======== RECORDED INFORMATION ========

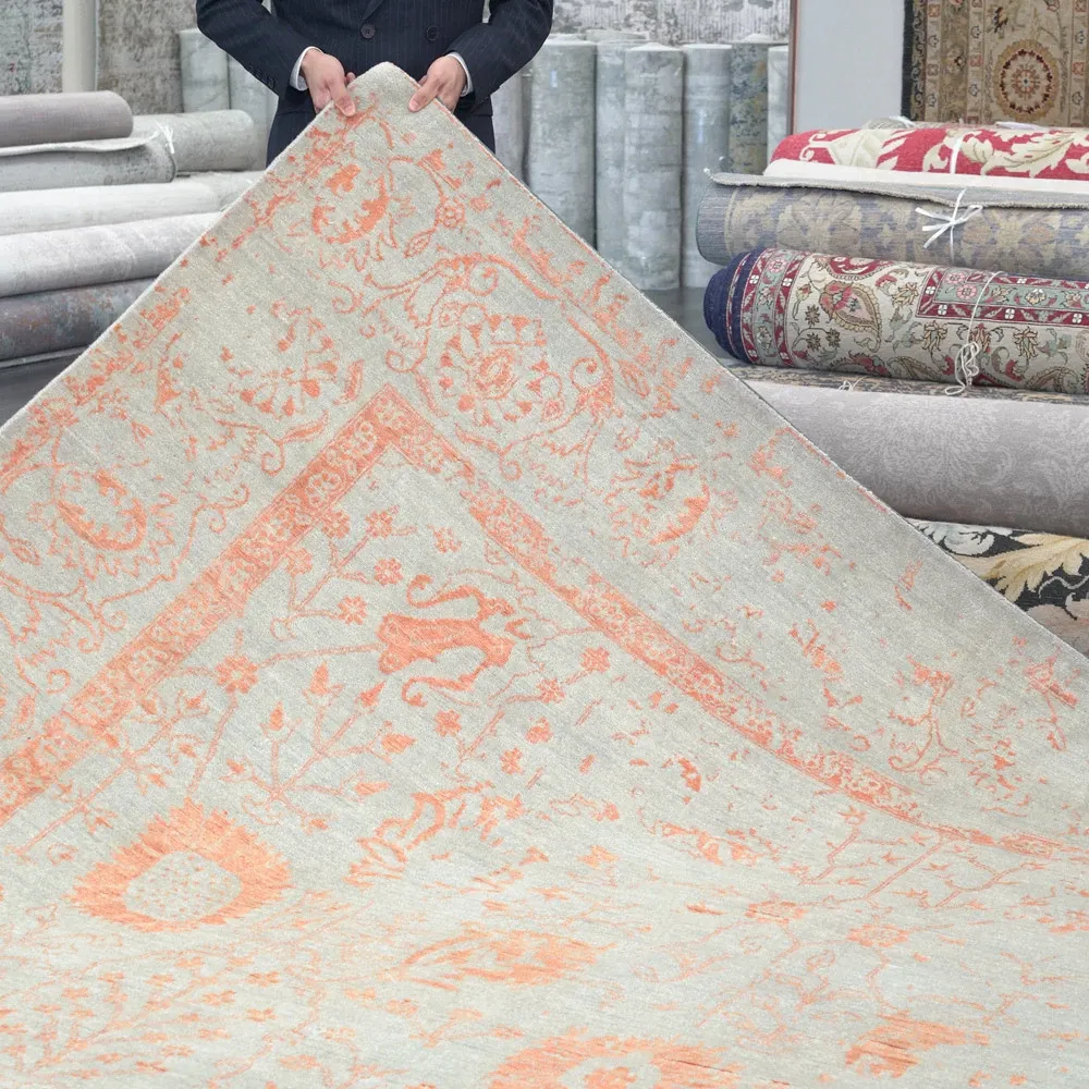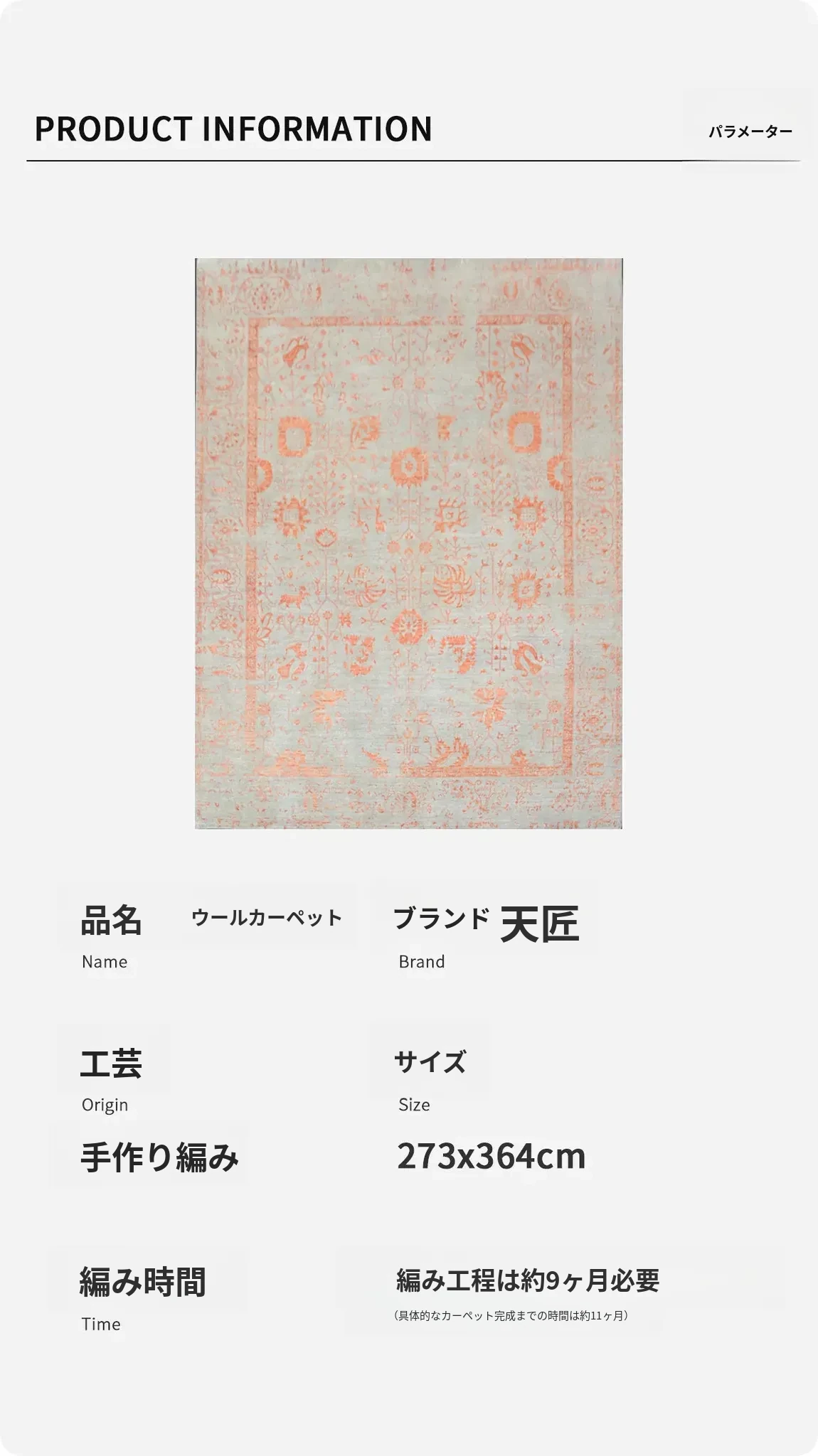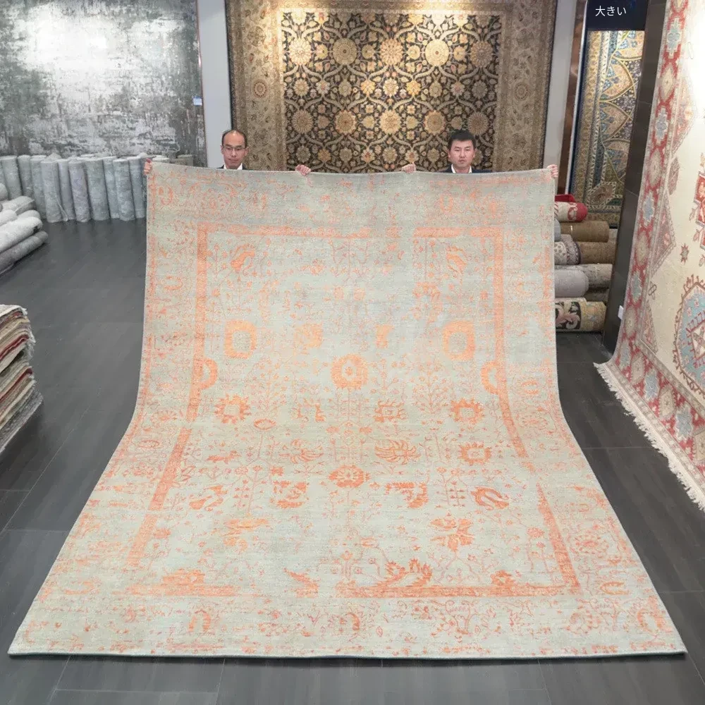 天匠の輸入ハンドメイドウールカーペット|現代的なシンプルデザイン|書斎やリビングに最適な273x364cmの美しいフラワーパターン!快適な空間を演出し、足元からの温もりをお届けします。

========
======== RECORDED INFORMATION ========

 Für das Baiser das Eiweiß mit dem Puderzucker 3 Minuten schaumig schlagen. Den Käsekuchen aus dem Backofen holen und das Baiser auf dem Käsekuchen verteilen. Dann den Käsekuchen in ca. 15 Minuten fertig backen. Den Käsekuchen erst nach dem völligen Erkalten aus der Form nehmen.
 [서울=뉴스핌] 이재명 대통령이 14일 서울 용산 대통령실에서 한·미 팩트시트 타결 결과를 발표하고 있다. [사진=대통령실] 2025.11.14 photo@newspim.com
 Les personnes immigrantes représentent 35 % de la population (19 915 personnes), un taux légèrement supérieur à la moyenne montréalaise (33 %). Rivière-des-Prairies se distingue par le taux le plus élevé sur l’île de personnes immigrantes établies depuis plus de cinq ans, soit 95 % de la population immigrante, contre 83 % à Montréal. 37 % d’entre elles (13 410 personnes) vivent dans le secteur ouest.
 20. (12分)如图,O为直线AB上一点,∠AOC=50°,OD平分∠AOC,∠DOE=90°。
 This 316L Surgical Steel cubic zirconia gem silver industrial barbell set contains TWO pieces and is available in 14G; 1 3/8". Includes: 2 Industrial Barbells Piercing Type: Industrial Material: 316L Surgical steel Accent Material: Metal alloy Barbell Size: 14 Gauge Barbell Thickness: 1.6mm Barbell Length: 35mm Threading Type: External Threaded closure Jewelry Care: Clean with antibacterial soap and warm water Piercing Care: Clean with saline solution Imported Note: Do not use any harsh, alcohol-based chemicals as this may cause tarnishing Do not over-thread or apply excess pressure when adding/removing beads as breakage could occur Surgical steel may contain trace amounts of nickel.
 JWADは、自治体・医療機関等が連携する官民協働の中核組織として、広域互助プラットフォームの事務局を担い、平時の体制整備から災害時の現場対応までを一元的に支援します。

========
======== RECORDED INFORMATION ========

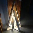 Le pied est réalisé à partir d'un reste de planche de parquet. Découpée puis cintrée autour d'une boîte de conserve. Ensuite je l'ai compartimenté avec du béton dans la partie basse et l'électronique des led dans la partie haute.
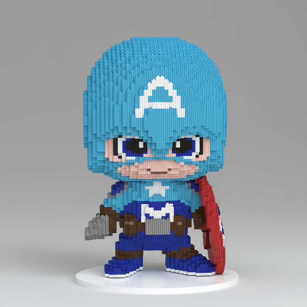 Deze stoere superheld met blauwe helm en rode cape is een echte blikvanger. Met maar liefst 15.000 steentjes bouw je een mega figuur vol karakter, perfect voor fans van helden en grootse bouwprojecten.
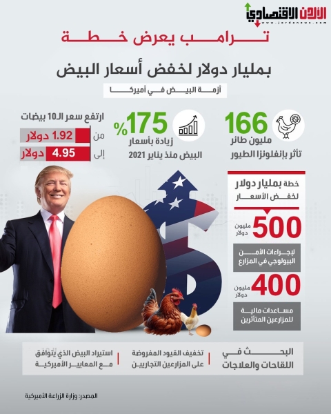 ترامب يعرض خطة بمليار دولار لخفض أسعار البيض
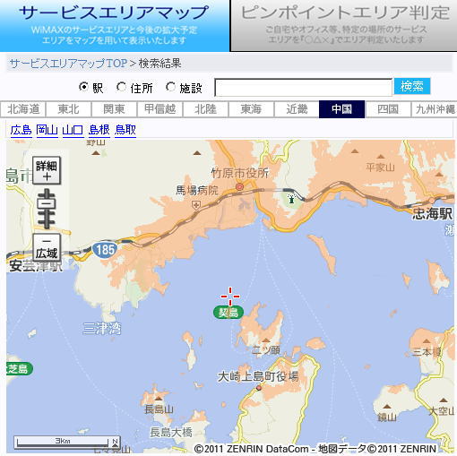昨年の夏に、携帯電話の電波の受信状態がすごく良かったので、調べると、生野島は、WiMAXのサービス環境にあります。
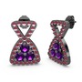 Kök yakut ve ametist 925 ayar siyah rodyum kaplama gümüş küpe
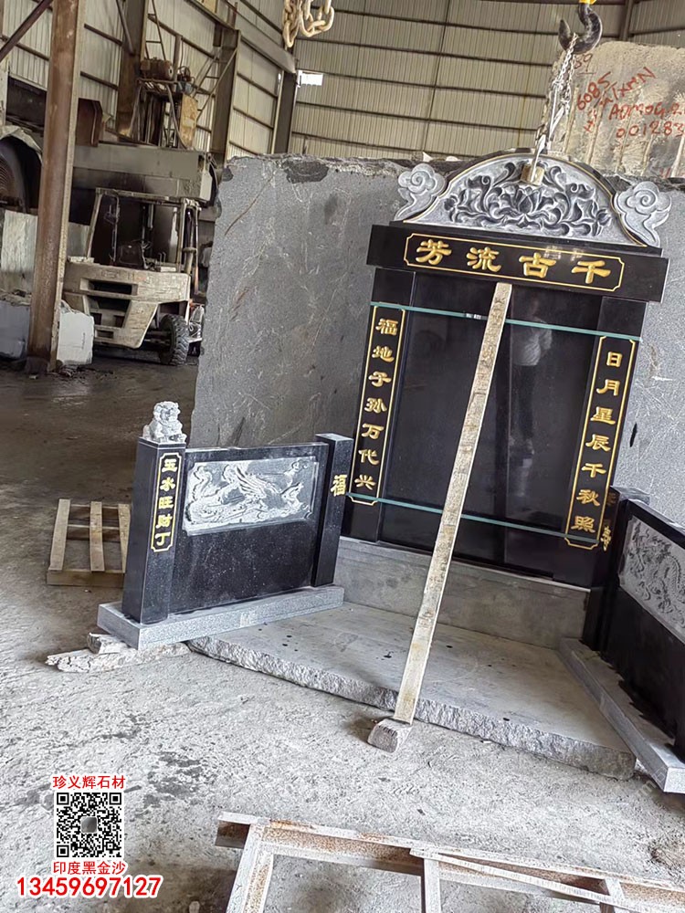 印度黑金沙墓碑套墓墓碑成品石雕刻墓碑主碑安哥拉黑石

========

## [WORK ORDER]
Please return the material above only from the line that holds "Le pied est" through the line that holds "Deze stoere superheld", exactly as it stands, ends included and pictures omitted.

## [WRITTEN ANSWER]
 Le pied est réalisé à partir d'un reste de planche de parquet. Découpée puis cintrée autour d'une boîte de conserve. Ensuite je l'ai compartimenté avec du béton dans la partie basse et l'électronique des led dans la partie haute.
 Deze stoere superheld met blauwe helm en rode cape is een echte blikvanger. Met maar liefst 15.000 steentjes bouw je een mega figuur vol karakter, perfect voor fans van helden en grootse bouwprojecten.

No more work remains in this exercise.